Sturgeon's growing virus crisis

Calderwood resigns over lockdown visits to Fife home

As seen on TV: Catherine Calderwood fronting health campaign

Scotland’s chief medical officer has resigned over the controversy surrounding visits to her second home in Fife during the coronavirus lockdown.

Dr Catherine Calderwood, who received a police caution for her actions, said her decision was taken “with a heavy heart” but had agreed with First Minister Nicola Sturgeon that the “justifiable focus” on her behaviour risked distracting from the pandemic response.

Dr Calderwood, whose main home is in Edinburgh, accepted that she had acted against her own advice to the Scottish people not to travel.

“The most important thing to me now and over the next few very difficult months is that people across Scotland know what they need to do to reduce the spread of this virus, and that means they must have complete trust in those who give them advice,” she said in a statement.

She will now work over the next few days “to ensure a smooth transition” to her successor.

She had earlier agreed to withdraw from public information campaigns and media briefings on the coronavirus after Police Scotland issued a warning to her for visiting her second home in Earlsferry.

Accepting Dr Calderwood’s resignation, Ms Sturgeon said: “Dr Calderwood’s advice to me, to the government and to people across Scotland over the past few weeks has been the right advice.

“It is however clear that the mistake she made – even though she has apologised sincerely and honourably for it – risks distracting from and undermining confidence in the government’s public health message at this crucial time.

“That is not a risk either of us is willing to take.”

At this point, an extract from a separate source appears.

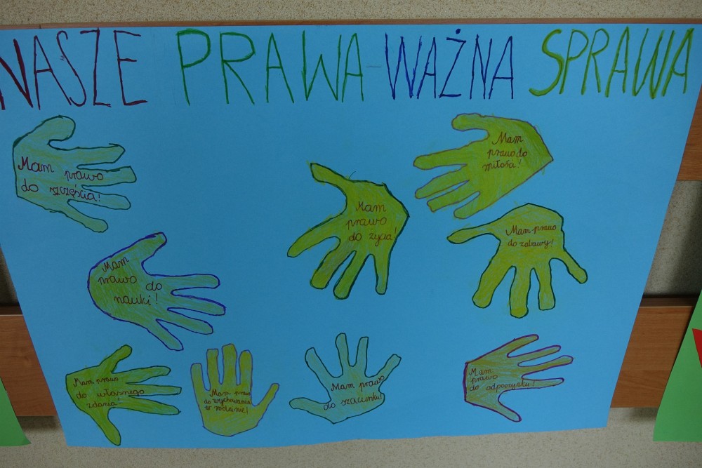 Dzieci i młodzież pod opieką wychowawców spędzała czas na świeżym powietrzu wymyślając ciekawe zabawy. Uczniowie klas I-III zapoznali się ze swoimi prawami, uczestnicząc w prezentacji filmu edukacyjnego, a następnie zilustrowali swoje prawa w formie kolorowych plakatów. Podczas zajęć dzieci dowiedziały się, do kogo zwrócić się z prośbą o pomoc w trudnych sytuacjach życiowych.

Amid calls earlier in the day for Dr Calderwood to resign, Chief Constable lain Livingstone issued a statement which said: “Earlier today, local officers visited Dr Catherine Calderwood and spoke to her about her actions, reiterated crucial advice and issued a warning about her future conduct, all of which she accepted.

“Social distancing is the key intervention to curtail the spread of coronavirus and it is essential the instructions are followed to protect each other, support key workers, take strain from the NHS, and save lives.

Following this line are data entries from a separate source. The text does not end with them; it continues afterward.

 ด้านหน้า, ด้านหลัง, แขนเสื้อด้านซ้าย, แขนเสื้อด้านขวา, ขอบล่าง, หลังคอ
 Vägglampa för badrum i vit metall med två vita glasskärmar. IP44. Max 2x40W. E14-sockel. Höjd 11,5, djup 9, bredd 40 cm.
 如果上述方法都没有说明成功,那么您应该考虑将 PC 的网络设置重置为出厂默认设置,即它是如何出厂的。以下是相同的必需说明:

“Individuals must not make personal exemptions bespoke to their own circumstances.”

The First Minister, speaking at her daily conference, said: “I understand the anger of people. She is not escaping the consequences of this. The fact that the chief medical officer is standing here now facing justified criticism… should send a clear message that this guidance is for everyone.”

Justifying why the CMO would not be fired, Ms Sturgeon said: “It would be damaging to my work and the work of the government not to have the advice and expertise of the chief medical officer.

Nicola Sturgeon at today’s conference: ‘we all make mistakes’

“We will all things wrong and we will all make mistakes.”

Ms Sturgeon dodged the question when she was asked if double standards were being applied and why the CMO was being warned but not fined.

Dr Calderwood apologised after she was photographed on Saturday crossing a golf course with her family in Earlsferry, more than an hour’s drive from the capital. It emerged today that it was her second visit to her Fife home having visited last weekend.

She has fronted a television campaign urging the public to stay at home to defeat the coronavirus.

Last month the First Minister ordered a clampdown on people taking ferries to tourist hotspots after Rural Affairs Secretary Fergus Ewing expressed anger at what he called “reckless and irresponsible behaviour of some people travelling to the Highland and Islands.”

There has been widespread outrage at Dr Calderwood’s behaviour, first reported by the Scottish Sun, and calls from the Labour and Liberal Democrat parties for her to resign.

Cabinet Secretary Mike Russell said there is “absolutely no doubt” that Dr Calderwood’s visit to her second home was ill-advised.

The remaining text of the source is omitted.